Friday, August 23, 2002

ROSE F. HOLT, Jungian Analyst


St. Louis, MO (314) 740-6207

Voice Mail: [314 740-6207]

Analytical (Jungian) Psychology is based upon the work of C.G. Jung (1875-1961), a Swiss psychiatrist who spent his life working to understand and to "map" the human psyche. He demonstrated that the psyche, like the body, is fairly uniform in fundamental ways, manifesting itself in people's lives in universal patterns which he called archetypes, or "ancient imprints." Just as a bird has an inate pattern of a nest which serves as a guide, Jung saw that human beings also have inate characteristic and repeating patterns which inform our existence.
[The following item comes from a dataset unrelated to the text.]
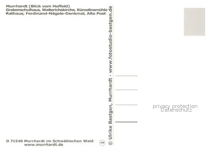 Murrhardt Panorama Grabenschulhaus Walterichskirche Ruemelinsmuehle Rathaus Ferdinand Naegele Denkmal Alte Post Murrhardt postalisch nicht gelaufen nach 1965 Erhaltung siehe scans [WerneD78] WernPID7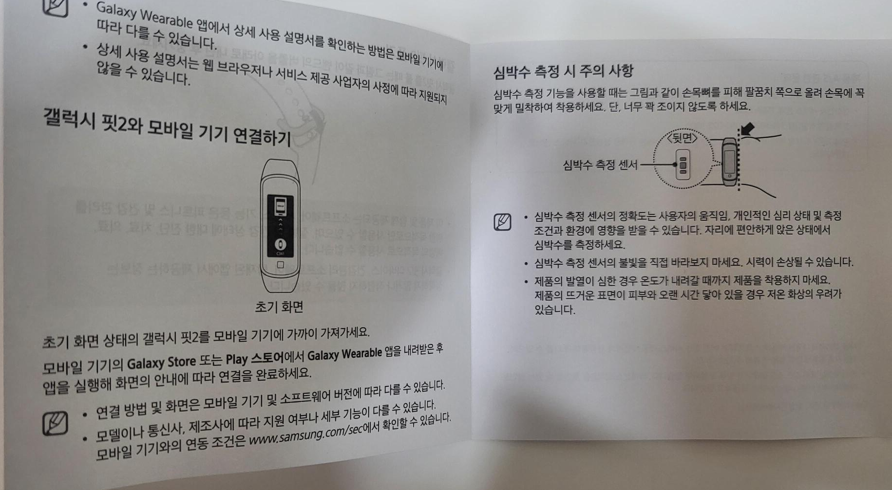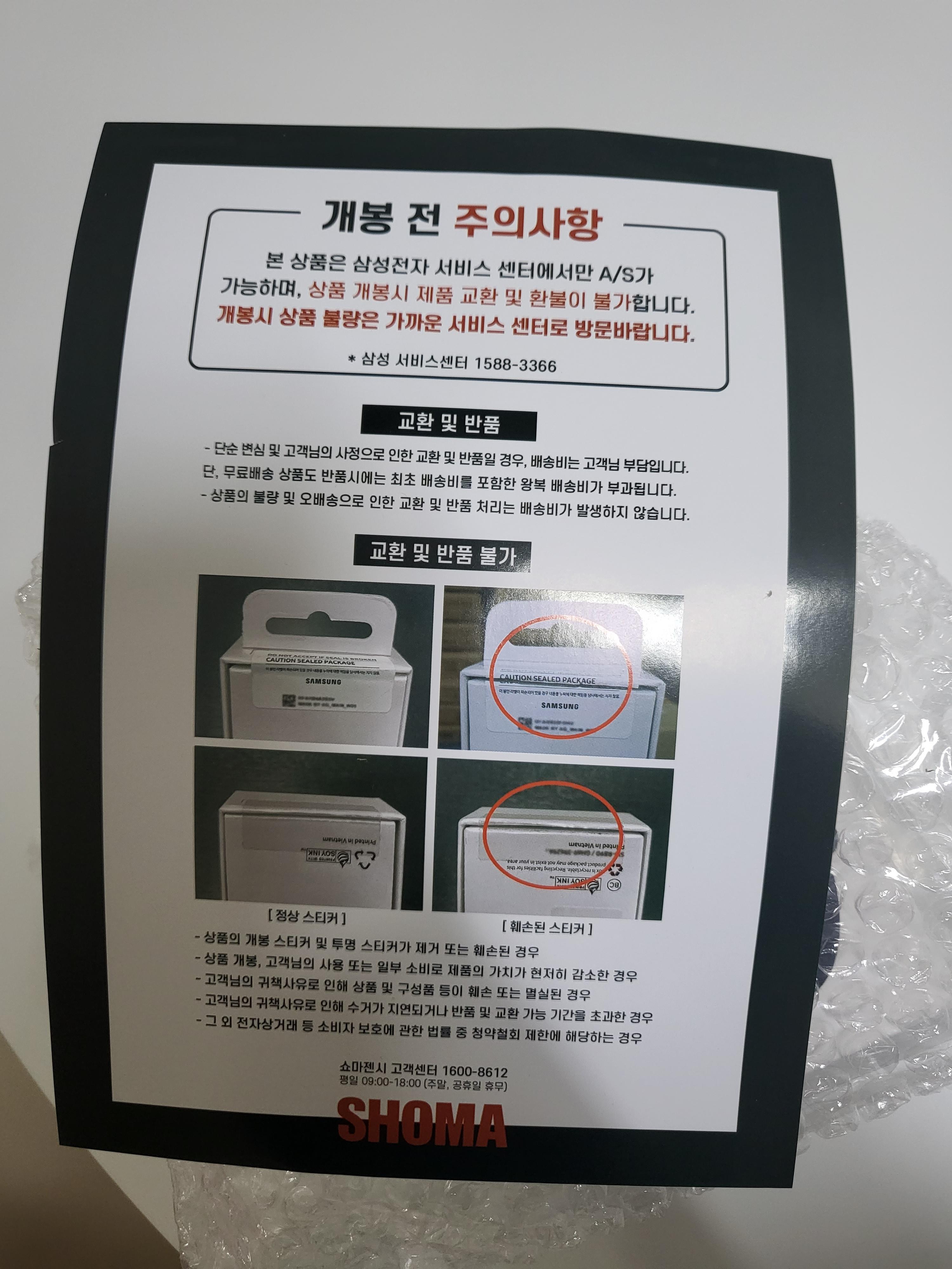 배송 지연 소식 문자를 받았는데 의외로 주문 후 3일 이내에 배송이 되었습니다. 택배를 얼어보니 개봉 전 주의사항 안내문이 있었고요. 상품 개봉시 제품 교환 및 환불이 불가하고 개봉시 상품 불량은 가까운 서비스 센터로 방문하라는 내용이었습니다. 개봉시 상품 불량이 교환이 안된다는 게 사실 의아하긴 했지만 다른 판매처도 그런 모양입니다. 불량 없는 갤럭시 핏이 왔길 바라며 상자를 살펴보았어요.

Central to the archetypes is Jung's notion of the Self, the architect of order and meaning. The Self, according to Jung, envelops and surrounds the individual ego, influencing and guiding while also seeking its own fulfillment in the ego. If ego consciousness strays dangerously far from the Self, the ground of being of the ego, disastrous consequences can result. Important and impressive dreams, emotions and affects, as well as significant life events/patterns are the primary ways the Self communicates with the ego

In the Jungian approach to psychotherapy/psychoanalysis, analyst and client work together to facilitate better relations between the ego and the Self. Through careful attention to the client's history, early traumas, relationships, significant events, and through examination and discussion of the client's dreams, analyst and client may establish this critical ego-Self relationship. Work with dreams is important because the images in dreams "are symbols, that is, the best possible formulation for still unknown or unconscious facts, which generally compensate the content of consciousness or the conscious attitude." [Jung, COLLECTED WORKS, Vol. 14, Para 772] Focus on and discussion of dream images are techniques for understanding the messages the Self is trying to convey via the dream. The dreamer begins to glimpse his/her role and function in the psychic background and see in what ways he/she is at odds with psychic unfolding.

Psychological maturity, for Jung, is the individual's commitment toward the responsible living and fulfilling of the archetypal dimensions of the psyche and the demands of the Self.